REQUIREMENT | I'd like the entire listing output verbatim, apart from the pictures.

SUPPLIED DATA below:

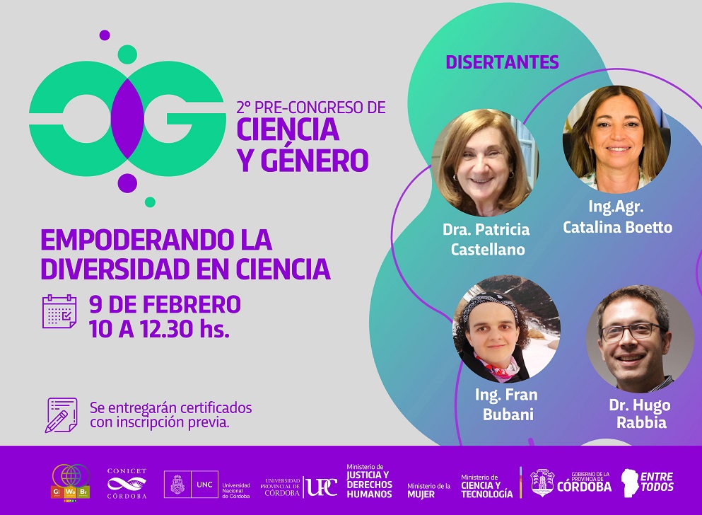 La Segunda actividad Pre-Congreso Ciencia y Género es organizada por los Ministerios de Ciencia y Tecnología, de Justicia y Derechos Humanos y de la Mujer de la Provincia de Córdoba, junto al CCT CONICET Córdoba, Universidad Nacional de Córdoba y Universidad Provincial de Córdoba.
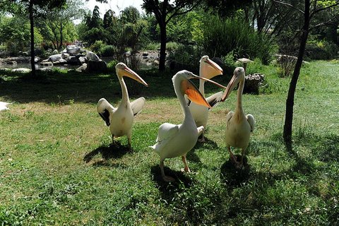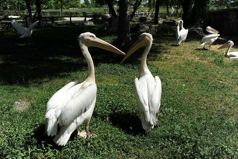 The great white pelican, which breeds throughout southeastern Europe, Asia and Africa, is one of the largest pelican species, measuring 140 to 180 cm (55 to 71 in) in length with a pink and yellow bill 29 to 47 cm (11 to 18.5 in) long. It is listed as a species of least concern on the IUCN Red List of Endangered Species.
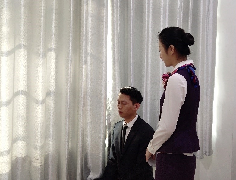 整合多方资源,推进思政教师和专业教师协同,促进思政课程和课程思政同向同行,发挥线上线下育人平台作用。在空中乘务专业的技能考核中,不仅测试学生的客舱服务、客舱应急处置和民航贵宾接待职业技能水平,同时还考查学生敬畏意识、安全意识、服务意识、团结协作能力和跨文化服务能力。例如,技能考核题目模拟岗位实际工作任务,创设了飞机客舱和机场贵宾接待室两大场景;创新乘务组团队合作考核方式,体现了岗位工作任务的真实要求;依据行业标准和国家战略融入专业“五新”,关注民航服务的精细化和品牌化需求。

End of SUPPLIED DATA.

WRITTEN SOLUTION |
 La Segunda actividad Pre-Congreso Ciencia y Género es organizada por los Ministerios de Ciencia y Tecnología, de Justicia y Derechos Humanos y de la Mujer de la Provincia de Córdoba, junto al CCT CONICET Córdoba, Universidad Nacional de Córdoba y Universidad Provincial de Córdoba.
 The great white pelican, which breeds throughout southeastern Europe, Asia and Africa, is one of the largest pelican species, measuring 140 to 180 cm (55 to 71 in) in length with a pink and yellow bill 29 to 47 cm (11 to 18.5 in) long. It is listed as a species of least concern on the IUCN Red List of Endangered Species.
 整合多方资源,推进思政教师和专业教师协同,促进思政课程和课程思政同向同行,发挥线上线下育人平台作用。在空中乘务专业的技能考核中,不仅测试学生的客舱服务、客舱应急处置和民航贵宾接待职业技能水平,同时还考查学生敬畏意识、安全意识、服务意识、团结协作能力和跨文化服务能力。例如,技能考核题目模拟岗位实际工作任务,创设了飞机客舱和机场贵宾接待室两大场景;创新乘务组团队合作考核方式,体现了岗位工作任务的真实要求;依据行业标准和国家战略融入专业“五新”,关注民航服务的精细化和品牌化需求。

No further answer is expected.